原文: How to Use SVG Images in CSS and HTML – A Tutorial for Beginners (Edidiong Asikpo)

翻訳・翻案: Manabu Matsumoto

SVG は Scalable Vector Graphics の略です。
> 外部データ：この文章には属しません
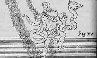 Рис. 132. Созвездие Человека со Змием (Змиедержца) на Млечном Пути. Средневековая книга «Astrognosia», XV век. Книгохранилище Пулковской обсерватории (Санкт-Петербург). См. также [1544], т.1, с. 218, илл. 57.
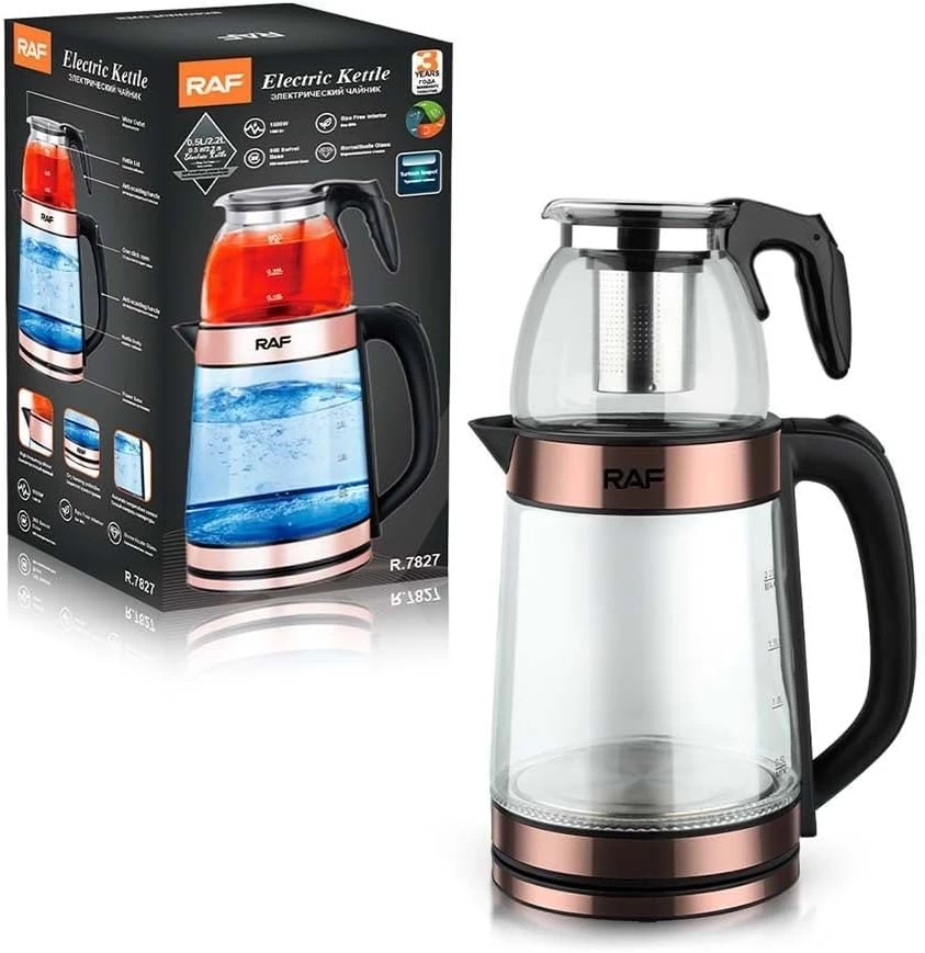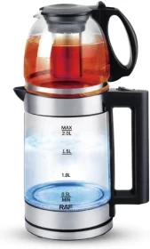 غلاية كهربائية زجاج RAF سعة 2 لتر – مع مصفاة شاي وعلامات حرارة
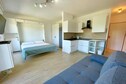 Entrate nella cucina a vista, attrezzata con tutto il necessario per preparare deliziosi pasti. Adiacente si trova l'accogliente soggiorno/camera da letto, dotato di TV, divano letto singolo e una comoda area salotto dove potrete rilassarvi dopo una giornata di esplorazione. L'appartamento è arredato con cura e dotato di lavatrice e aria condizionata, per garantire il massimo comfort al vostro soggiorno. Tuttavia, il momento clou della giornata vi attende all'esterno, sulla vostra terrazza privata, dove potrete godervi tranquille mattine con un drink a vostra scelta, immersi nella tranquillità.
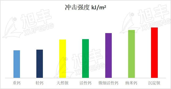 針對無機材料的應用特點,將重質碳酸鈣、活性碳酸鈣、微細活性碳酸鈣、輕質碳酸鈣、納米碳酸鈣、天然硫酸鋇和沉淀硫酸按20%的比例填充到ABS中,考察其對ABS沖擊強度的影響,具體如下圖:
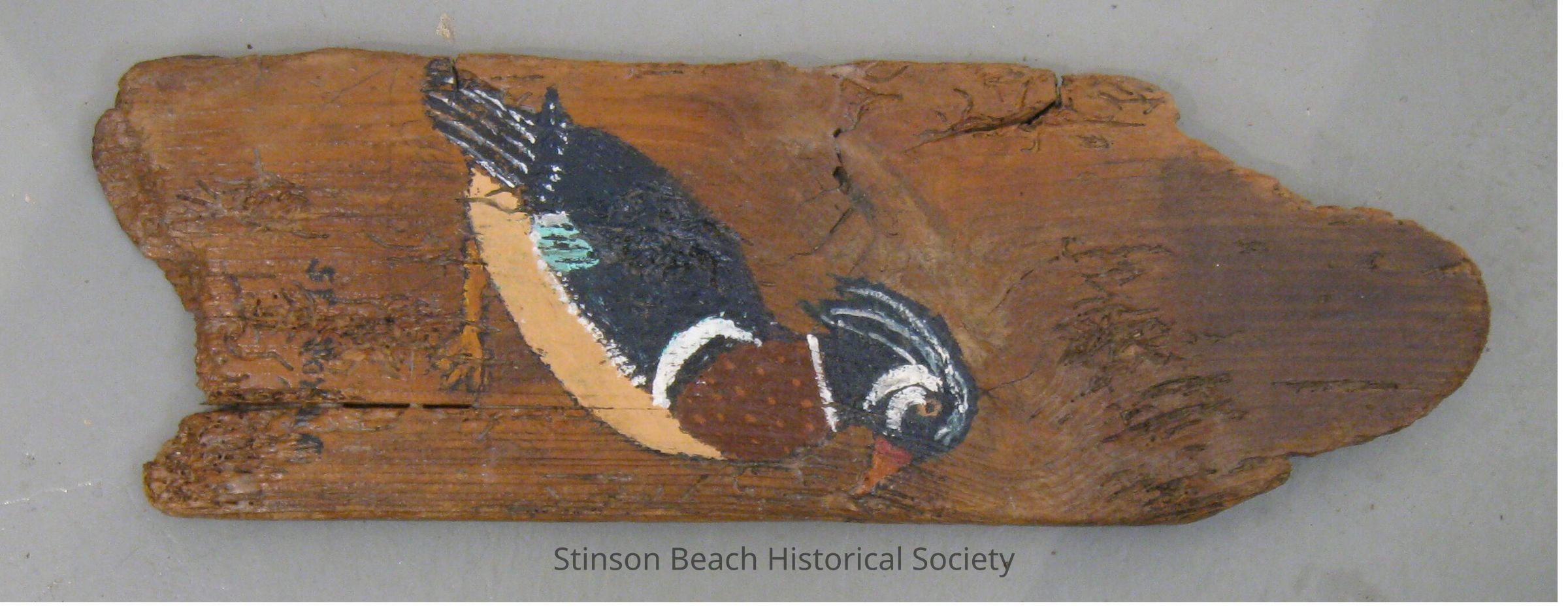 Wood duck seen in profile painted on an oblong piece of driftwood with a protruding rounded top. Duck has a black head with white stripes in the feathers sticking out from the back and a white patch in a half circle around its eye. Its back is black and its tail is also black striped with white plus a line of white dots where tail meets body. Its neck is a ruddy brown with lighter spots, and ringed at the top and bottom with white. Its underbelly is almost a peach color, its foot is orange, its beak a reddish orange. There is a small blue blotch on its side wingtip. Signed S.F. BoyleCollection
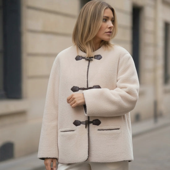 Make a statement with this stunning Buckled Fur Jacket in warm apricot. Designed for the modern woman, this jacket combines soft texture with sharp style—the signature buckled details catch the light beautifully whilst the round neckline and long sleeves create an effortlessly chic silhouette.
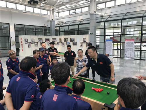 圖為斯諾克臺(tái)球項(xiàng)目示范推廣活動(dòng)現(xiàn)場(chǎng)
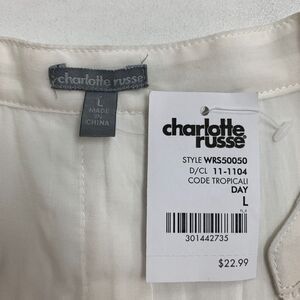 Charlotte Russe Pintuck Blouse Womens L Large White Curved Hem Lightweight Top
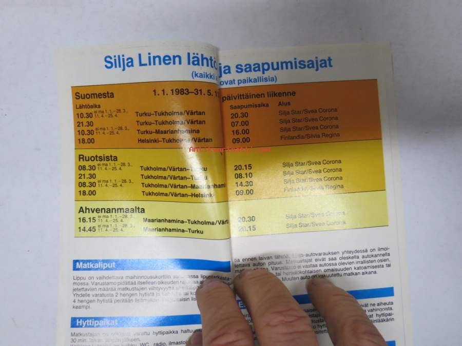 Silja-Line Suomi-Ruotsi 1.1.1983-31.5.1983 aikataulut

SVG とは、Extensible Markup Language (XML) で書かれた、ベクター画像用の固有の画像形式です。

このチュートリアルでは、SVG 画像を使用する理由と、CSS と HTML で SVG 画像を使用する方法についてお伝えします。

なぜ SVG 画像を使用すべきなのでしょうか?

SVG 画像を使用する理由はたくさんありますが、以下にそのいくつかを挙げてみます:

  • SVG 画像は拡大したりサイズを変更しても、画質が低下しません。
  • SVG は IDE または テキストエディターで作成し、編集できます。
  • SVG は使いやすく、アニメ化しやすいです。
  • SVG はファイルサイズが小さく、拡張性が高いです。
  • また、SVG は検索したり、インデックスをつけたり、スクリプトで操作したり、圧縮できます。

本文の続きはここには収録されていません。